# Warum ich gestern nicht Online war ....



## Digicat (25. Mai 2011)

Servus

Gestern Abend besuchten meine Gattin und ich, in der Wr. Stadthalle ..... Helene Fischer ...

     

Fototechnisch gesehen ein Desaster .. das Licht 

Aber die Show selbst ... ein Feuerwerk eines "Energie-Bündels" ...

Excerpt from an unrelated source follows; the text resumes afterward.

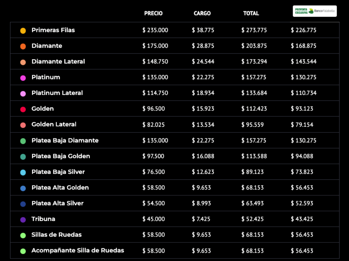 - * Preventa Banco Falabella (Stock 2.260 por fecha), máximo de compra 4 tickets por persona.

Fazit: sehr empfehlenswert


----------



## 69pflanzenfreund69 (25. Mai 2011)

*AW: Warum ich gestern nicht Online war ....*

trotzdem schöne Fotos geworden 

Hast Du denn das OK von ihr dass Du die Fotos veröffentlichen darfst ?


----------



## Digicat (25. Mai 2011)

*AW: Warum ich gestern nicht Online war ....*



Hatte eine Akkreditierung ...

Danke


----------



## Springmaus (25. Mai 2011)

*AW: Warum ich gestern nicht Online war ....*

Hallo,

 trotzdem schöne Fotos !!!

Ich beneide dich ! da wär ich gestern auch sehr gerne gewesen !!!

LG
Doris


----------



## Conny (25. Mai 2011)

*AW: Warum ich gestern nicht Online war ....*

 Helmut


----------



## Dr.J (25. Mai 2011)

*AW: Warum ich gestern nicht Online war ....*

Nicht ganz mein Musikgeschmack (bin ja mehr der Rockertyp  ), aber  Fotos


----------